Nervosos, PMs e policiais civis montam barricadas em frente a postos policiais e delegacias. Usam carros velhos e depredados como escudo. Colocam obstáculos, obrigando os veículos a reduzir marcha e andar em vaivém. Ficam entrincheirados atrás das viaturas, dedos nos gatilhos dos fuzis. Um perigo para alguém distraído ou com medo de blitz.

Na Brasilândia, policiais civis do Departamento Estadual de Investigações Criminais (Deic) e PMs da Rota (Rondas Ostensivas Tobias de Aguiar, a temida tropa de elite paulista), numa rara união, realizaram blitze a noite toda.

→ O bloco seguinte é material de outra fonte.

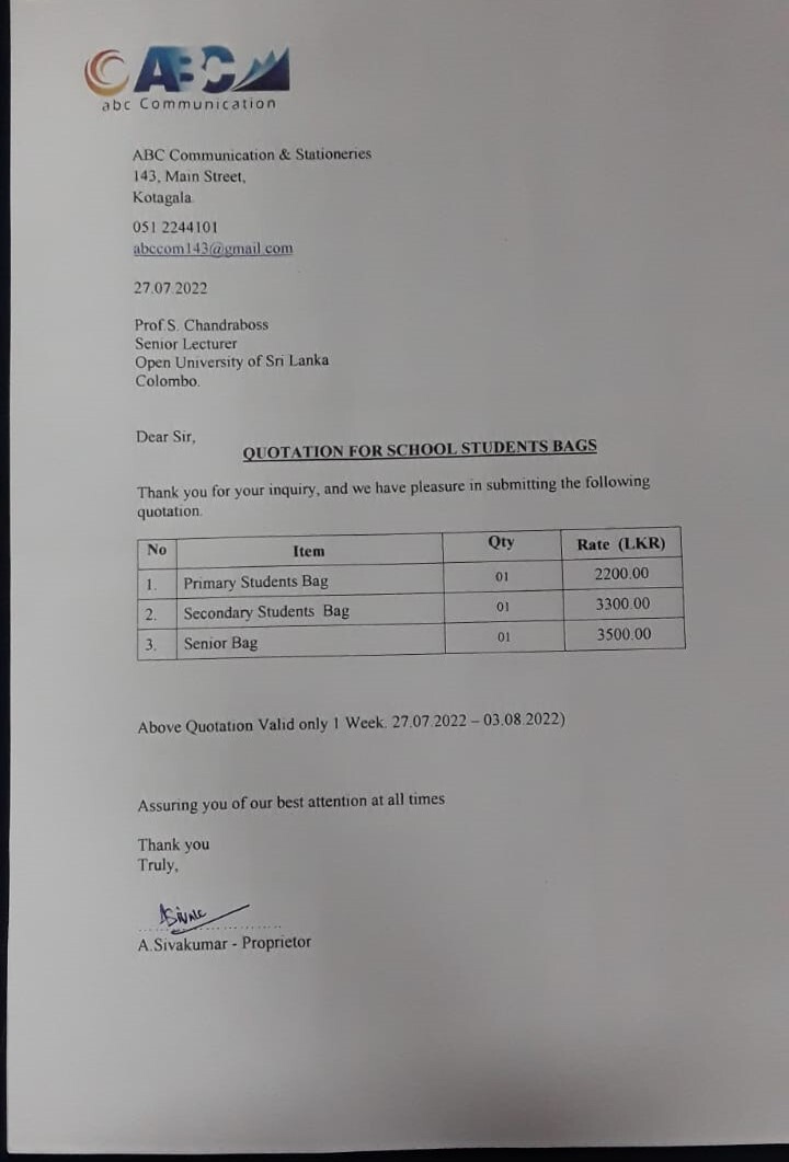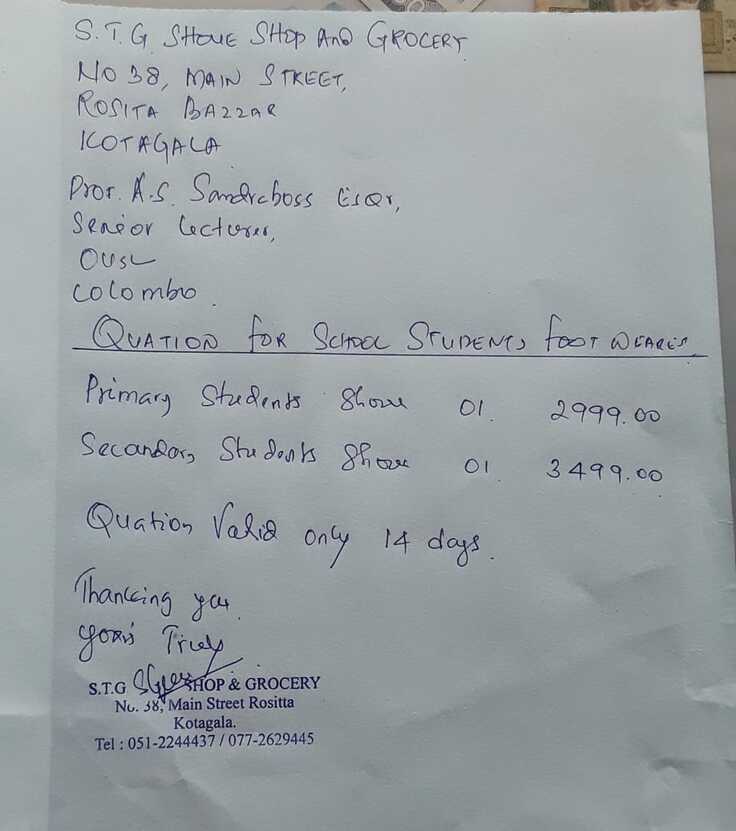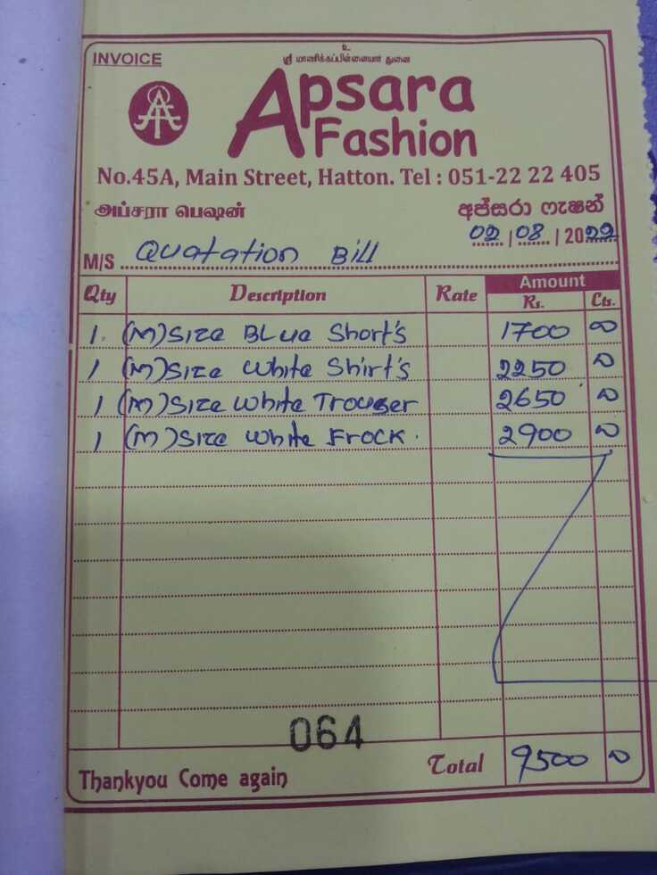 プライマリー(1~5年生)、セカンダリー(6~11年生)、ハイスクール(12、13年生)と、学年によって値段の違いがあり、また男女の制服で金額に差がありますが、全て平均して1人当たり、制服と靴だけで2178円(2022年8月3日のレート 1スリランカルピー=0.3625円)です。カバンの平均は1人当たり1087円(同2022年8月3日のレート)ですが、これに更に1年分の文房具等を贈る予定です。(2022年8月3日追記)

Mais de 30 viaturas abordavam a tudo e a todos, num bairro considerado reduto do PCC. Precavidos, os motoristas que se atreviam a cruzar a região abusavam da humildade. Acendiam a lâmpada interna do carro, baixavam o farol, erguiam as mãos assim que paravam na blitz. Tudo para evitar serem fuzilados por engano.

Nesse ambiente de paranoia — onde se mata muito e se prende pouco — azar de quem tenta cometer crimes rotineiros, daqueles que nem virariam notícia. Rodrigo, um jovem ladrão e viciado em crack, invadiu uma residência na madrugada de quarta-feira no bairro da Penha. Os moradores fugiram, apavorados. Tudo terminaria bem para ele, que já carregava eletrodomésticos, se o sobrado que invadiu não ficasse atrás da 10ª Delegacia de Polícia, a mesma onde o delegado Diogo foi pedir socorro aos companheiros.

Traumatizados, os policiais civis saíram em bando da DP aos primeiros gritos de uma jovem, que correu aterrorizada, de roupas íntimas, assim que Rodrigo invadiu sua casa. Os policiais frearam a viatura no meio da rua e desceram de metralhadora e pistola na mão. Achavam que era uma quadrilha, mas o ladrão era um solitário "nóia" (viciado, na gíria paulistana). Azar o dele...e que azar. Foi derrubado, manietado e algemado, como gado.

— Pô, senhor, não fiz nada, nem tava armado. Peguei nada de ninguém — reclamou Rodrigo.

Os vizinhos queriam linchá-lo e foram impedidos pelos policiais civis. Um dos agentes retrucou:

— A vítima tá mentindo, então, é isso? — gritou o agente, antes de pedir ao colega: "dá uma olhada na casa, vê se ele dispensou a arma".

Rodrigo foi jogado no fundo de um camburão, enquanto chegavam mais viaturas — duas, três, cinco. Era agente para tudo que é lado. Alegou inocência, mas foi xingado pelos moradores. Até que um policial perdeu a paciência e disse, com todas as letras: "Cala a boca". E ele se calou.

Como calada está a maioria dos paulistanos, nessas noites que teimam em não ter fim.